WHAT YOU HAVE TO DO: Copy every line of the data in which the word "month" occurs.

INFORMATION GIVEN section start

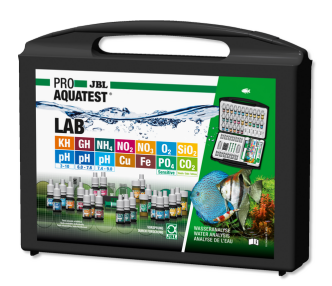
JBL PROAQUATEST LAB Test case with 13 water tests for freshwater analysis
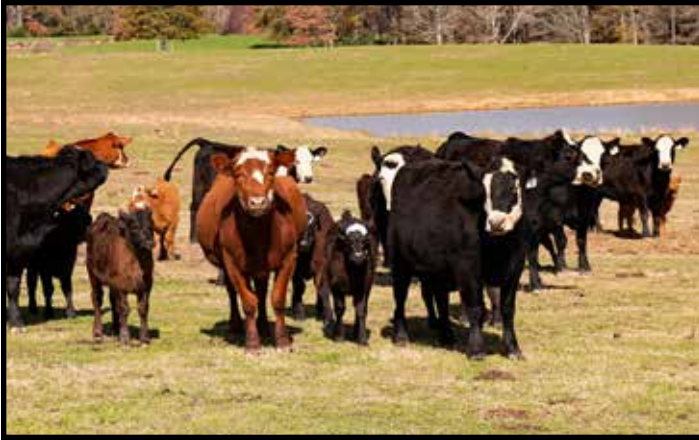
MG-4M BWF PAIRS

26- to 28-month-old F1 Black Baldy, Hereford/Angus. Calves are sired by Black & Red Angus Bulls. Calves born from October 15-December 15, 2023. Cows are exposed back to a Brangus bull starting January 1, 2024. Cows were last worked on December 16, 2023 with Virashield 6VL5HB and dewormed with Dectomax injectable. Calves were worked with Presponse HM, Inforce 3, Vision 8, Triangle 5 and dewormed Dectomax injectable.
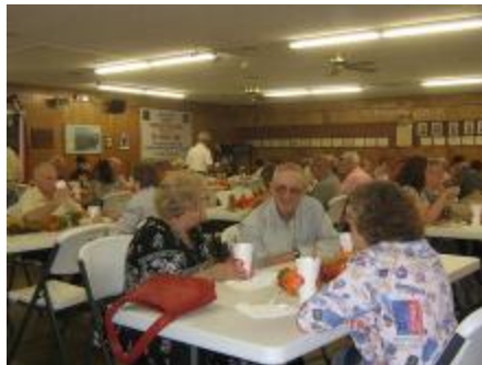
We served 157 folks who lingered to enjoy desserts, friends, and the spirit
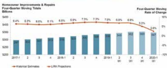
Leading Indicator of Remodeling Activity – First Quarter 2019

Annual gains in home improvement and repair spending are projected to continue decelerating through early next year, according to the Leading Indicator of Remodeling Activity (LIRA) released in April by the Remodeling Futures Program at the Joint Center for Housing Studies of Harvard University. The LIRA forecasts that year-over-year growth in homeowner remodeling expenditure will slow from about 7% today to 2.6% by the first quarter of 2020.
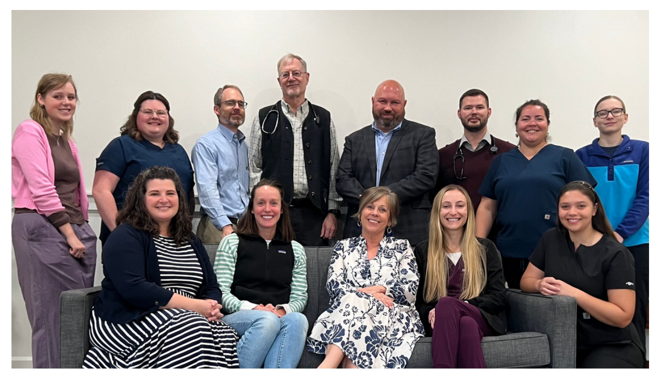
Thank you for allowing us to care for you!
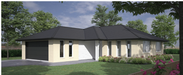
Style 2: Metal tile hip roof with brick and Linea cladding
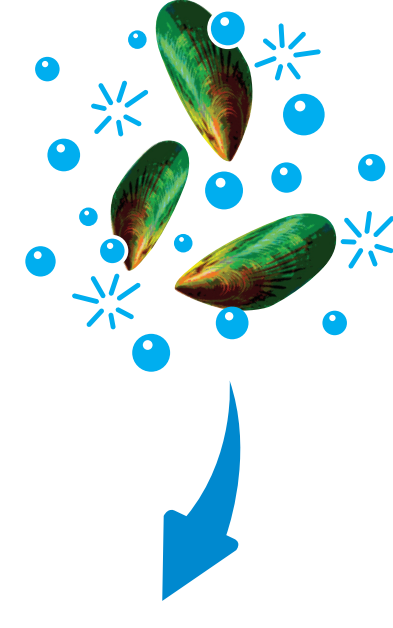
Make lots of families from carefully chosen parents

INFORMATION GIVEN section end
INFORMATION GIVEN section start

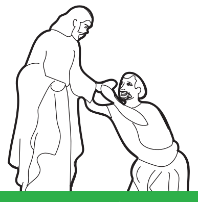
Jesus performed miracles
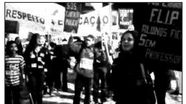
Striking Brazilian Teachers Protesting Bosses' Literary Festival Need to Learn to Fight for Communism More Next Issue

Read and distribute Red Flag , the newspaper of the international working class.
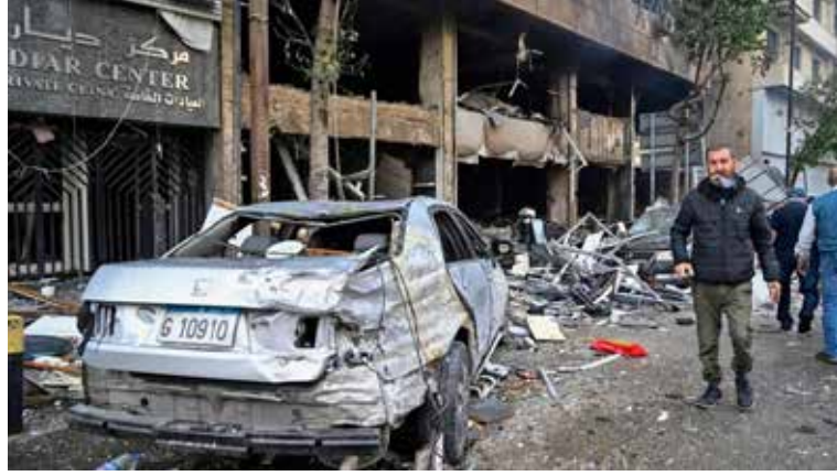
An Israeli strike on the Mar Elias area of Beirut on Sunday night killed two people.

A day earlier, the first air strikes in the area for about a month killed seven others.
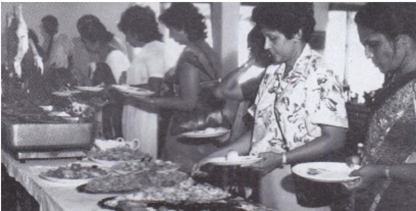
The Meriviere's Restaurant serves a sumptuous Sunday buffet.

INFORMATION GIVEN section end
INFORMATION GIVEN section start

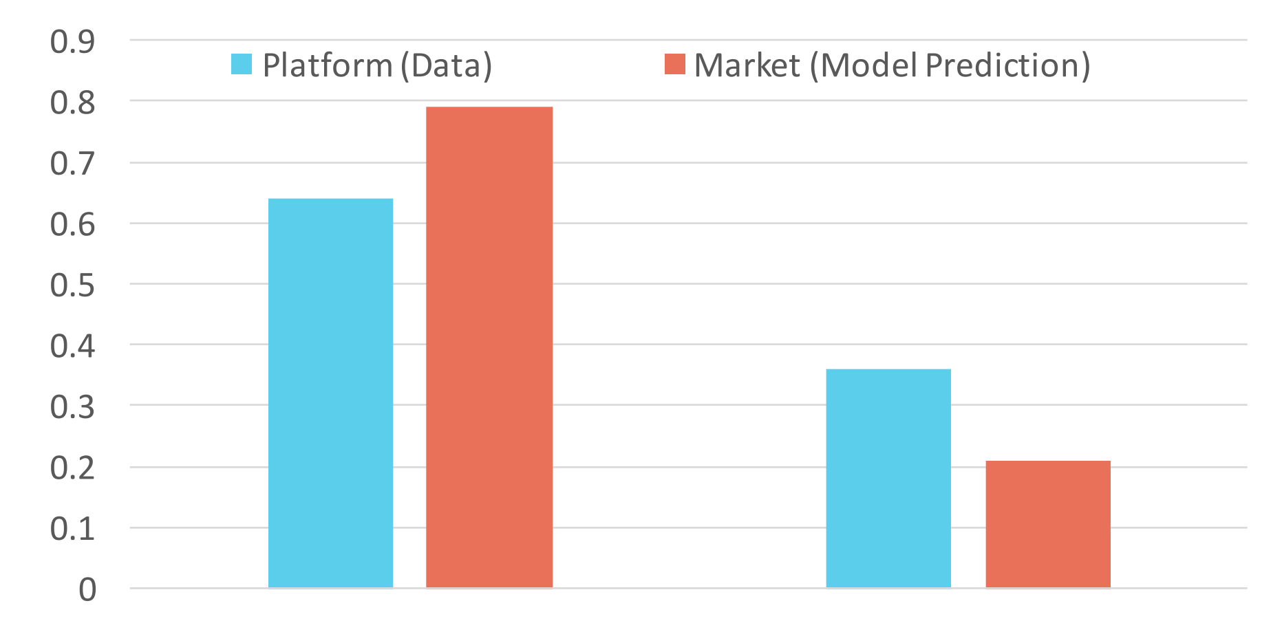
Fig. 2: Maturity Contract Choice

INFORMATION GIVEN section end

RESPONSE BOX:
26- to 28-month-old F1 Black Baldy, Hereford/Angus. Calves are sired by Black & Red Angus Bulls. Calves born from October 15-December 15, 2023. Cows are exposed back to a Brangus bull starting January 1, 2024. Cows were last worked on December 16, 2023 with Virashield 6VL5HB and dewormed with Dectomax injectable. Calves were worked with Presponse HM, Inforce 3, Vision 8, Triangle 5 and dewormed Dectomax injectable.
A day earlier, the first air strikes in the area for about a month killed seven others.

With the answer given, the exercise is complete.